The Handoff solution is to prompt the user to choose between the two versions, forcing them to delete one of them. There doesn’t appear to be any way, automatically or manually, of merging the changes. With autosave in operation, a user who is editing the same document on two systems will rapidly realise that is a bad idea. With existing non-matching versions on the two systems, it can only add to user confusion, particularly if the user closes the document on one system, then later opens it using the versions stored in iCloud.

At the moment, versions in iCloud and Handoff can lead to great confusion and missing versions. The bugs in the current implementation of versions in iCloud need to be fixed, and until they are, versions in iCloud simply can’t be trusted.

9 Comments RSS · Twitter


More to the point most users of macOS have Apples versioning built in if they use Time Machine. There's nothing like Time Machine for iOS and no way to access Time Machine data for even iWork apps running on the iPad. We talk of limits of an iPad Pro for features like automation, disk swapped virtual memory for large files, or even the apps themselves. What tends to get neglected is that pros require much finer grained backups and versioning.
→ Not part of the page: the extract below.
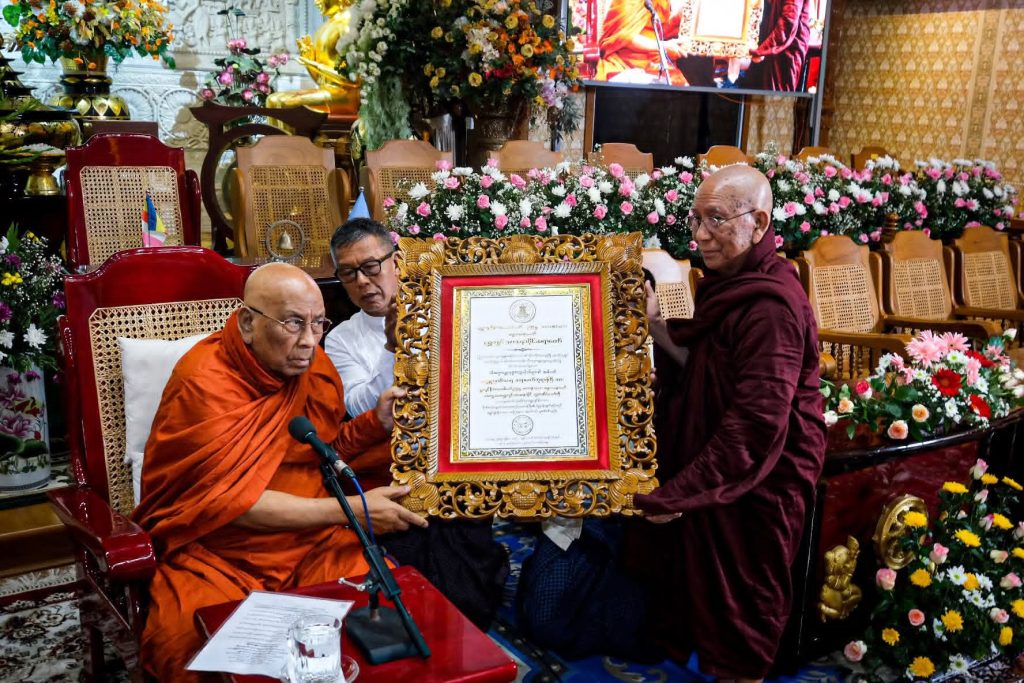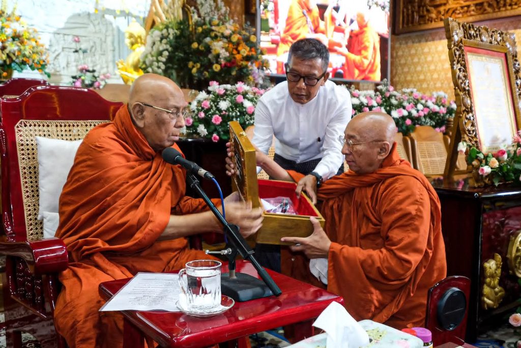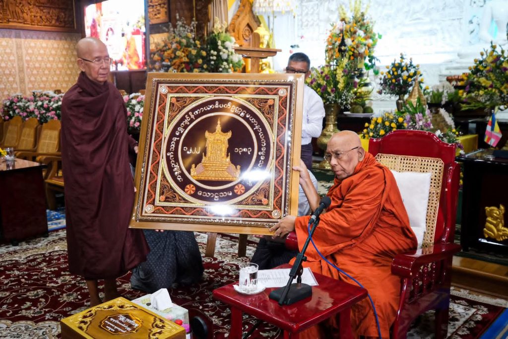 တို့သို့ ဆက်ကပ်ရာတွင် ဘွဲ့ပုံတော်လက်မှတ်ကို အကျိုးတော်ဆောင်ချုပ် ဝိဇ္ဇာလင်္ကာရဆရာတော်ကြီးက သီတဂူအဓိပတိဆရာတော်ကြီးကို ဆက်ကပ်ခဲ့ကာ သာသနာပိုင်အလံတော်ကို အကျိုးတော်ဆောင် အဝေရာရာမ ရန်ကင်းဆရာတော်ကြီးနှင့် သာသနာပိုင် ဘွဲ့တံဆိပ်တုံးကို အကျိုးတော်ဆောင် ကျောက်မဲဆရာတော်ကြီးက သီတဂူအဓိပတိဆရာတော်ကြီးကို ဆက်ကပ်ခဲ့သည်ဟု သိရသည်။

Is anybody else seeing only OLD links on the archive page? I usually enter this site from there (via bookmark), but it's only showing links that are 4 weeks old now...

https://mjtsai.com/blog/2018/


Weird. I loaded the tab again (Firefox) and now it's showing the entire archive. I haven't had a browser pull a site solely out of cache without checking for newer content in years. Not sure how that happened.


@BenG The main blog page did the same thing to me with Chrome a few months back.


Something is definitely wrong with this site. I'm seeing the old links (the SAME ones as last time, starting with Apple File System Reference post on Sept 21st) again on the 2018 Archive page, and refreshing doesn't help. AND this is after I have totally erased my MBP and reinstalled Mojave from scratch, and didn't transfer over any data from my old user folder. AND I'm seeing it on both Firefox and Safari (didn't try any other browser).

On the main blog page everything is fine.

Hopefully Michael sees this and can fix it.


@Ben Thanks for the report. I’m not sure what’s going on, but I see the same problem when viewing with a private Safari or Firefox window. But when I’m logged in I alway see the current posts, and it appears that they are super cached. (Maybe logging in to comment is what fixed it for you? I’ve just reset the cache, so it should be fixed, at least until the next new post.) So this is a bit of a mystery, as I thought there was only one WP super cache. I’ll try to figure this out later in the week.


Thanks! I'm glad I'm not crazy :) I thought it was super weird to see it again after I did a fresh install (for other reasons).


@eliterrell @Ben I made some changes to the caching that I think will fix this. Please let me know if you see any further problems.